If you need to access the local files, you can create an endpoint in flask that launches a file dialog GUI. This only works because you application is hosted locally. You can use either tkinter or the native windows API using win32ui.
Assuming you are using the standard Flask format:
from app import app
#app.route('/file_select', methods=['GET', 'POST'])
def file_select():
from tkinter import Tk
from tkinter.filedialog import askopenfilename
root = Tk()
root.withdraw()
# ensure the file dialog pops to the top window
root.wm_attributes('-topmost', 1)
fname = askopenfilename(parent=root)
return jsonify({'filepath': fname})
or using the win32ui API
#app.route('/file_select', methods=['GET', 'POST'])
def file_select():
import win32ui
winobj = win32ui.CreateFileDialog(1, ".pdf", "", 0,
"PDF Files (*.pdf)|*.pdf|All Files (*.*)|*.*|")
winobj.DoModal()
return jsonify({'filepath': winobj.GetPathName()})
Now just add a button that points to the /file_select route and you will open a file dialog via the python local server and return the selected file.

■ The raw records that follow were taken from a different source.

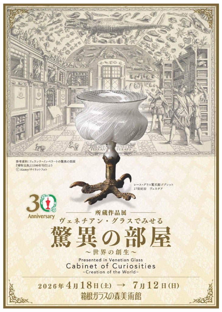 また、ゴールデンウィークに先駆け、4月18日(土)からは所蔵作品展「ヴェネチアン・グラスでみせる驚異の部屋」が開幕します。15世紀後半、王侯貴族を熱狂させた「驚異の部屋」の世界観を、現代の美術館のルーツとして紐解きます。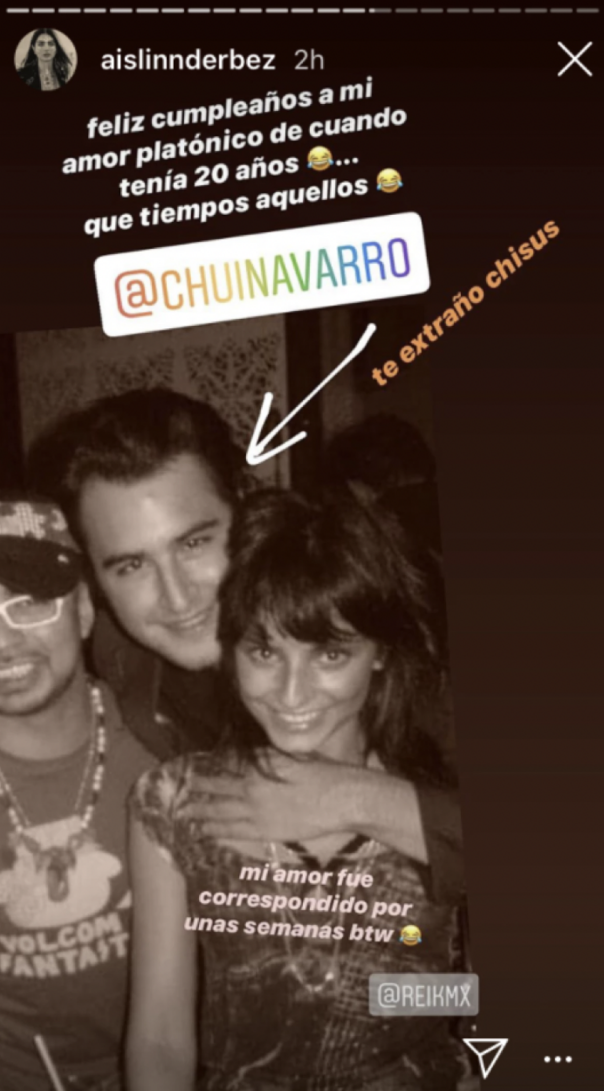 Fue en sus redes sociales que la hija de Eugenio Derbez se dirigió a Chui Navarro, vocalista de Reik para desearle un feliz cumpleaños y recordar que fue su amor platónico, pero que sí fue correspondido por unas semanas.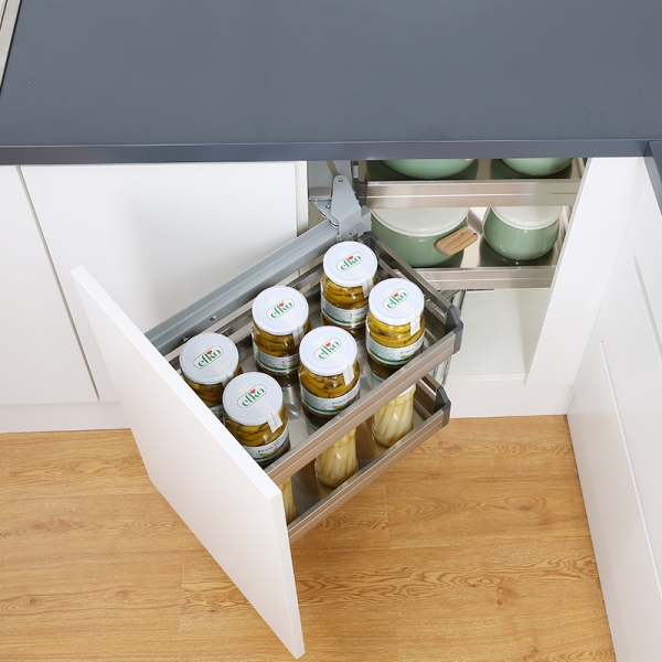 Góc chết trong gian bếp được xem là nơi tích trữ rất nhiều bụi bẩn vì không thể sử dụng được. Kệ góc liên hoàn inox hộp là một giải pháp hữu ích mà bạn đang cần. Với thiết kế 2 dạng mở cánh trái và cánh phải cùng với hệ thống ray trượt gấp khúc thông minh giúp tăng diện tích lưu trữ cho căn bếp thêm tiện nghi, sang trọng.

Assuming you are accessing the page via http://localhost:8080/page or something like that, you should serve your content via that approach. Effectively, rather than serving the files as paths on the local file system, you would create an application route and associate it with a handler than retrieves the appropriate PDF from the local filesystem, and then sends back a response containing Content-Type: application/pdf in the HTTP response headers and the bytes of the PDF file in the response body.
To avoid duplicating someone else's solution for the approach described about, I would recommend taking a look at this answer for "Flask handling a PDF as its own page".
Because you are technically sending the response back from localhost -- or whatever name you are serving it with -- rather than trying to load a local file directly from the client's web-page, Chrome shouldn't throw any complaints.
Of course, it's worth noting that best practices should be taken when determining the file to load, if this were going to be anything more than a learning project. In any legitimate system that did this kind of thing, it would be necessary to perform checks on the requested files to ensure a malicious user does not abuse the application to leak files from the local filesystem, beyond those files which are intended to be served. (To that end, you typically might have the src element contain a parameter that is set to the hash/unique ID for the file which is then mapped via some database to the correct path of the file. Alternatively, you might use a param in the src that contains the name of the file without the full path, and then check that the user-provided value for that parameter in the request does not contain any characters outside of a charset like [a-zA-Z0-9_-].) Ultimately, it sounds like this particular warning doesn't apply to your case, but still providing it in case anyone else reads this in the future.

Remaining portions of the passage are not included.